= Dolor Davis =

Coat of arms of Dolar Davis

Dolor Davis (c. 1599-June 1673), also spelled Dolar Davis, was an English-born carpenter, master builder, and early settler of colonial Massachusetts. Born in Kent, England, he emigrated to New England in 1634 and lived in Cambridge, Duxbury, Barnstable, and Concord during his life in the colonies.

Davis married Margery Willard in Kent in 1624, and the couple had six children. In Massachusetts, he became a landholder, church member, and local officeholder, serving in roles including surveyor of highways and constable in Barnstable. He spent his later years in Barnstable, where he died in 1673.

==Early life and emigration==
Davis was born about 1599 in Kent, England.

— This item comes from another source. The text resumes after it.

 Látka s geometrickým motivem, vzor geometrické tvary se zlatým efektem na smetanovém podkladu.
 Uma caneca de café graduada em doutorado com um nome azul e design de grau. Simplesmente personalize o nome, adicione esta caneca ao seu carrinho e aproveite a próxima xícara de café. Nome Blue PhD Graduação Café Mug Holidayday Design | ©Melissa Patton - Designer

He married Margery Willard, daughter of Richard Willard of Horsemonden, Kent, at the parish church in East Farleigh on 29 March 1624. Margery was baptised at Horsemonden on 7 November 1602 and died before 1667. Her brother, Simon Willard, became a lifelong associate of Davis.

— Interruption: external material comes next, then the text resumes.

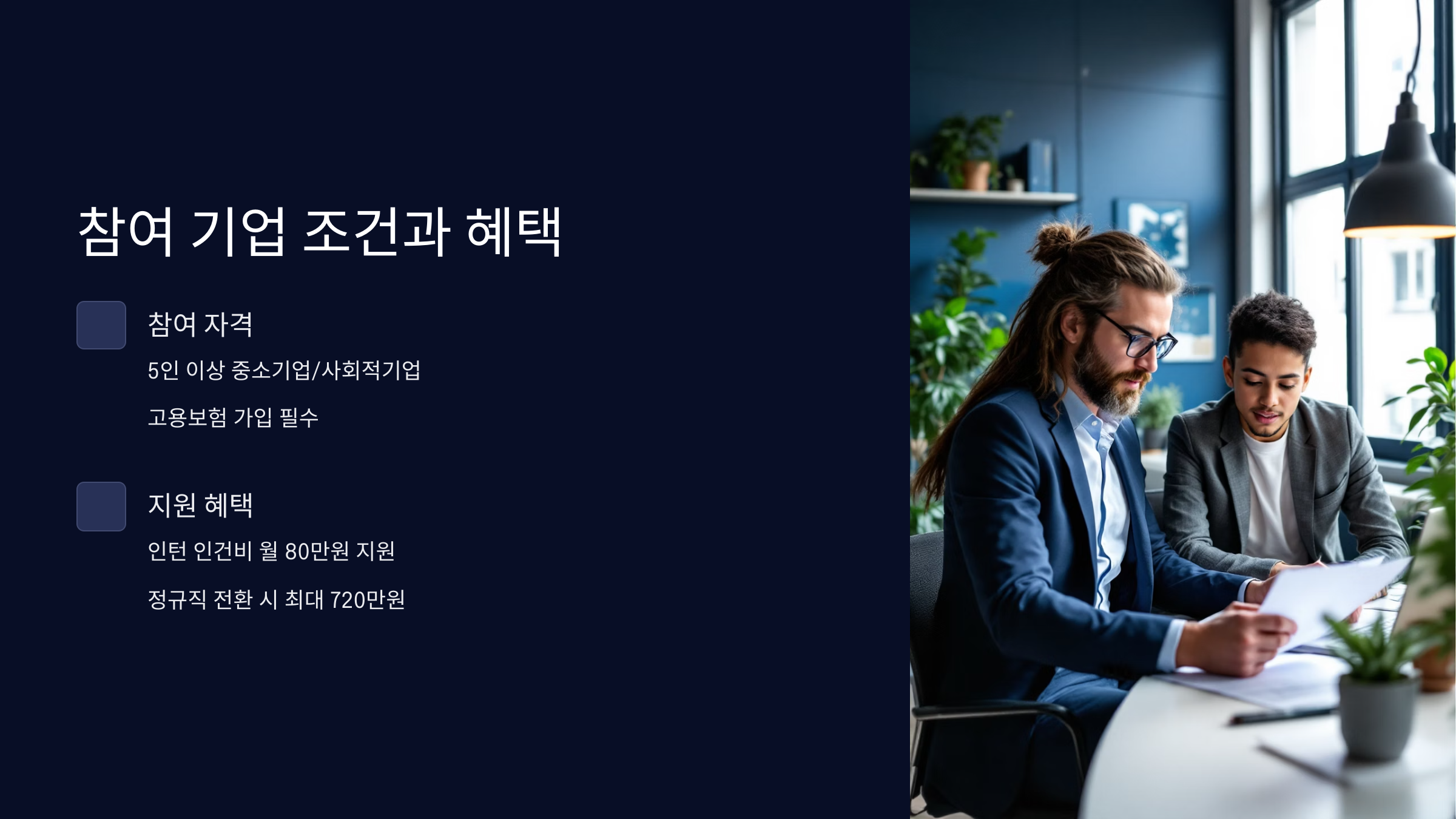 | 인턴 인건비 지원 | 월 80만 원 (최대 3개월) |

Other than his occupation as a carpenter and master builder, little is known of Davis's early life in England. He sailed to America and landed in Boston in May 1634. On 4 August 1635, he bought 25 acre of land on the west side of the river in Cambridge, Massachusetts. On 17 April 1635, his wife and three children embarked from London for New England on the Elizabeth, and the family settled in Cambridge. On 4 June 1635, Davis bought a house lot of half a rood at what is now the corner of Winthrop and Dunster streets.

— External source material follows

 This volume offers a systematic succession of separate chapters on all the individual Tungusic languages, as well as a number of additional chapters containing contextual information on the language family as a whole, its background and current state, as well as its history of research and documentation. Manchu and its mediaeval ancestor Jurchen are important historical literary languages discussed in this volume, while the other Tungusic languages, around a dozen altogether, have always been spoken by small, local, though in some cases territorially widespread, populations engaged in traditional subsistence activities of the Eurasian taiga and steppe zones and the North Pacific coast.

Like many settlers during the years 1635 to 1636, Davis did not remain in Cambridge permanently. In August 1635, he and Simon Willard sold their Cambridge land to Richard Girling.

==Duxbury==

Davis moved to Duxbury by 1638 or 1639. He was admitted a freeman and was granted land there in 1640. During that year, he received 50 acre of land and additional land for grazing cattle. He also became a member of the Duxbury church in 1640.

On 27 August 1648, Davis and his wife were dismissed from the Duxbury church to move to the church at Barnstable.

==Barnstable==

By 1643, Davis had moved to Barnstable. He and his sons appeared on a list of men in Barnstable between 16 and 60 years of age able to bear arms. In June 1645, he was sworn in as a member of the Grand Inquest of Plymouth Colony. A year later, he became a freeman of Barnstable.

In 1652, Davis was chosen surveyor of highways in Barnstable. In 1654, he was chosen constable of the town. He continued to live in Barnstable and practise his trade as a carpenter until leaving for Concord in 1655.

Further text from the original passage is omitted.